Of course “Banks will flock to this”, what else will they do with their garbage if they can’t foist it on the rest of us? I’ll get excited when someone shows me an equivalent win from ANY Obama program for the tax paying middle-class.
http://awurl.com/IpZCQmtK1
obviously spectacularly effective and successful–
getting you to now officially be the proud owners
of the TBTF banks’ Ponzi Scheme.
http://www.youtube.com/watch?v=J6_1Pw1xm9U
Even if the DP nominates a real Progressive in ’12, so much
damage has been done.
Countrywide used a company they owned called Landsafe to outsource appraisals to there “PERFERRED” Appraisers.
They charged the borrower $500 and paid the number hitter $200 for the appraisal pocketing $300 in profit.
Their appraisers were actually 1099 IC but were in my opinion employees…
Countrywide, Wa Mu, and many other Large banks did and still do make a profit on the appraisal and only amatures and incompetent appraisers work for such companies…

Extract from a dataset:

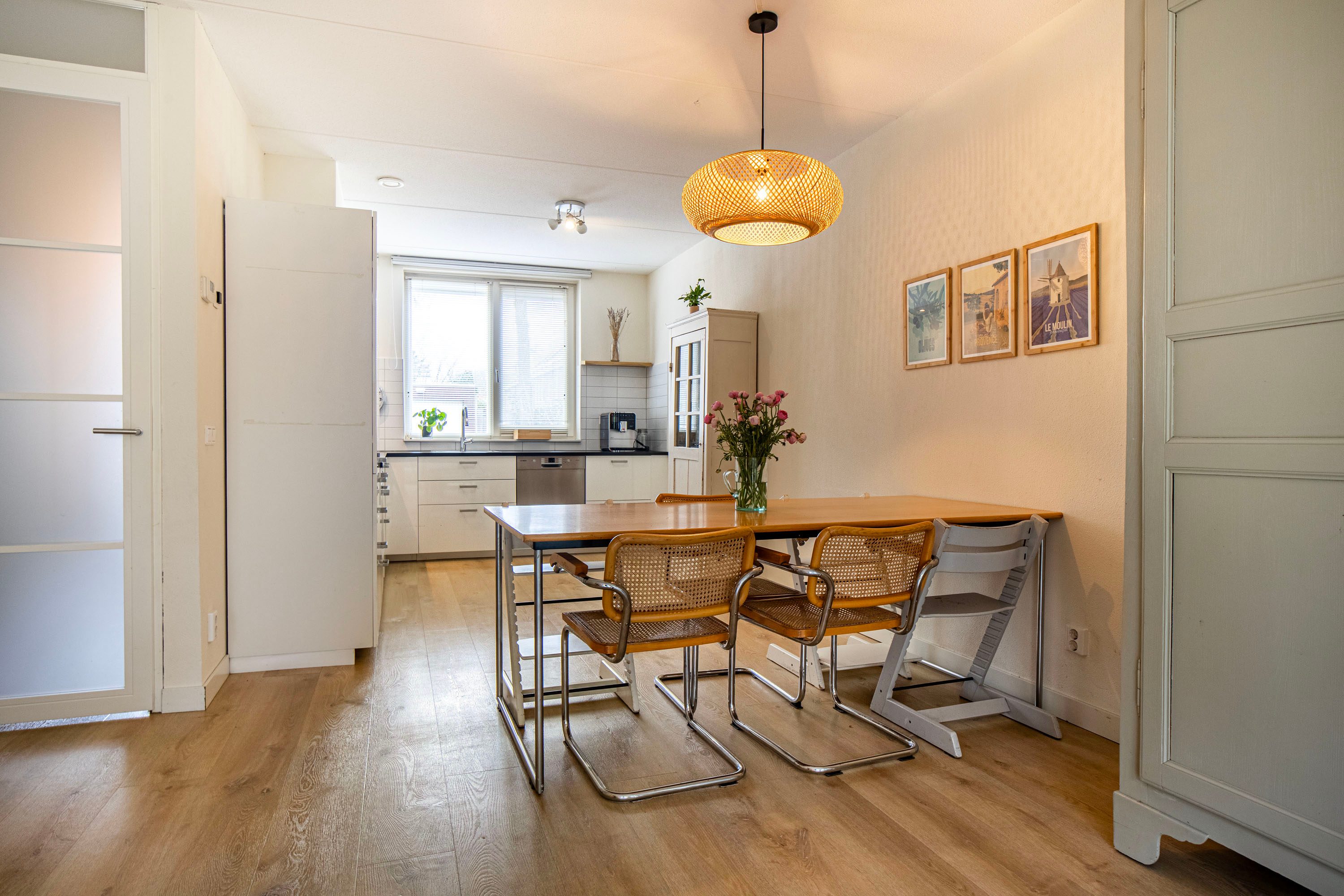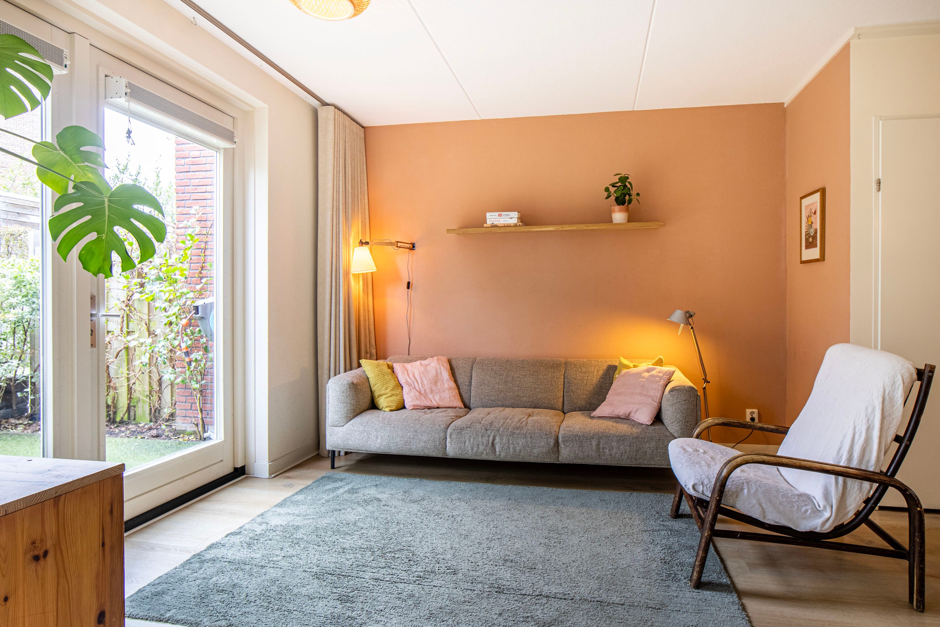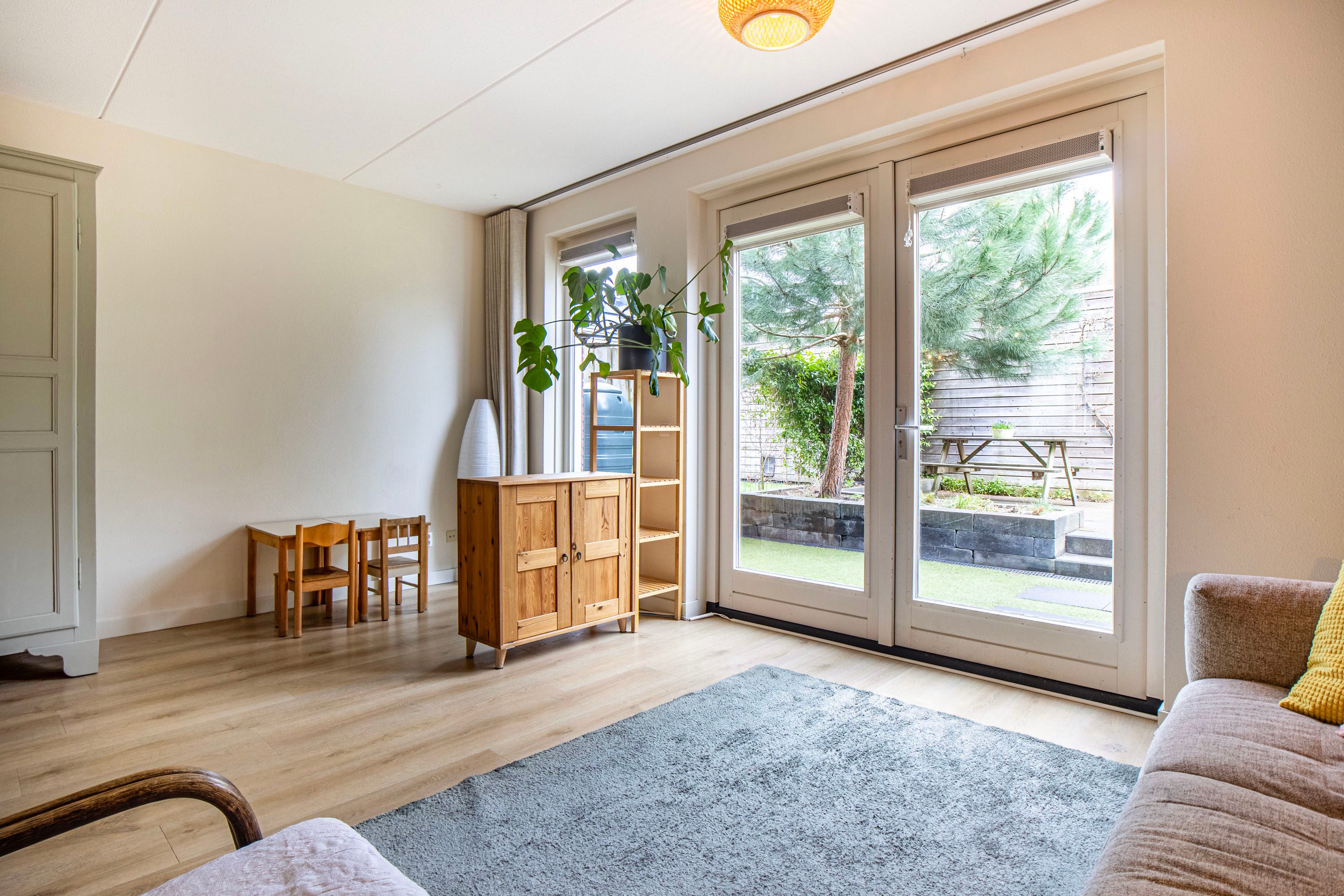 De leefruimte is direct een fijne binnenkomer: een lichte en open woonkamer met voldoende ruimte voor zowel een comfortabele zithoek als een gezellige eethoek. De openslaande deuren zorgen voor een prettige verbinding met de tuin en laten veel daglicht binnen.

The frustrations, anger, and similar unpleasant emotions aren’t hate.
Please forgive the regular venting and sometimes frequent confusion. You’re piecing it together fast, and whatever you write just fires people up even more. There’s gonna be friendly fire sadly, it’s just how much anger there is out there.
Lotsa love and respect for your efforts. You’re making an impact, you’re having an effect.